Winner’s movie career spanned more than 40 years and included more than 30 feature films, including the successful Death Wish series starring Charles Bronson as a vigilante out to avenge family murders.

His big screen success was overshadowed by a divisive image in Britain as an ostentatious bon vivant who did nothing to hide his wealth.

Winner was born to Jewish parents in London, BBC News reported (http://www.bbc.co.uk/news/entertainment-arts-21123532 ). His mother was Polish and his father Russian. In the past, Winner was vocal about his “love-hate relationship” with his mother. After his father’s death at the age of 65, his mother, a chronic gambler, burned through most of Winner’s inheritance. According to the Telegraph (http://www.telegraph.co.uk/news/obituaries/culture-obituaries/film-obituaries/9816044/Michael-Winner.html) , Winner recalled that she threw a poker party during his bar-mitzvah, leaving him to answer the door and take guest’s coats.

In a film career which spanned more than 50 years, he worked with some of the biggest stars in Hollywood, including Marlon Brando, Robert Mitchum and Faye Dunaway.

He later reinvented himself as a restaurant critic, writing about food in his typically flamboyant style in his Winner’s Dinners column for the Sunday Times. He was the author of several books, including Winner’s Dinners: The Good the Bad and the Unspeakable (1999); The Fat Pig Diet (2007); Winner Takes All: A Life of Sorts (2004); and most recently, Michael Winner’s Hymie Joke Book (2012), a collection of Jewish jokes.

Many in the UK and United States criticized the book for being tasteless and perpetuating old stereotypes.

Michael Winner Image by getty images

In an article in the San Diego Jewish World (http://www.sdjewishworld.com/2012/10/09/hymie-joke-book-is-insulting-tasteless/) , editor Danny Bloom wrote: “ [Winner’s] new book is what I consider to be a tasteless collection of old and stale — and often tasteless — Jewish jokes. Some of them are funny, yes. But the main character in all the jokes is a bloke named ‘Hymie.’ I guess Mr. Winner never heard of Jesse Jackson’s unfortunate ‘hymietown’ remark a few years ago that landed Jackson in hot water.”
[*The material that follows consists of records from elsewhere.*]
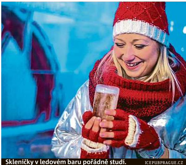
Skleničky v ledovém baru pořádně studí. ICEPUBPRAGUE.CZ

Chcete si zabruslit v rozpaleném létě? Není problém. Letos v únoru otevřeli zimní stadion Icerink ve Strašnicích a je k dispozici celý rok. Když jsme přicházeli k objektu, zrovna odcházel bývalý krasobruslař Tomáš Verner. Ten zde trénuje mladé naděje tohoto sportu. Na jednom ze dvou kluzišť si ale může zabruslit každý. Po chvíli je tu opravdu zima. Teploměr po dvaceti minutách klesl až na 9,4 stupně Celsia.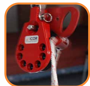
Swivel Release Pulley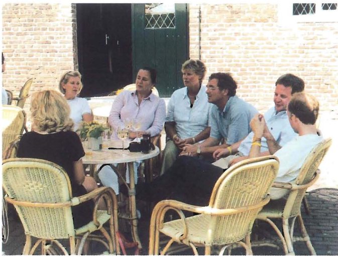
Eindelijk schaduw. Zondagmiddag zochten alle aanwezigen een koele plaats onder de parasol.

“I found many of the jokes in this collection tedious or vulgar. At their sexiest, good Jewish jokes are merely suggestive,” Jonathan Mirsky added in a review for the Spectator (http://www.spectator.co.uk/books/8755991/all-in-the-telling/) .

But Michael Winner disagreed. Writing about the book in the Daily Mail’s Mail Online (http://www.dailymail.co.uk/home/books/article-2213810/Michael-Winners-Hymie-Joke-Book-Jewish-humour.html) in October, Winner said: “Those who suffer persecution or deprivation in their lives make jokes of their situation – and the Jews have always had a wonderful world-weary way of using put downs.”

Winner, whose appearance in adverts for motor insurance coined the catchphrase “Calm down dear, it’s only a commercial”, also founded and funded the Police Memorial Trust following the murder of WPC Yvonne Fletcher outside the Libyan embassy in London in 1984.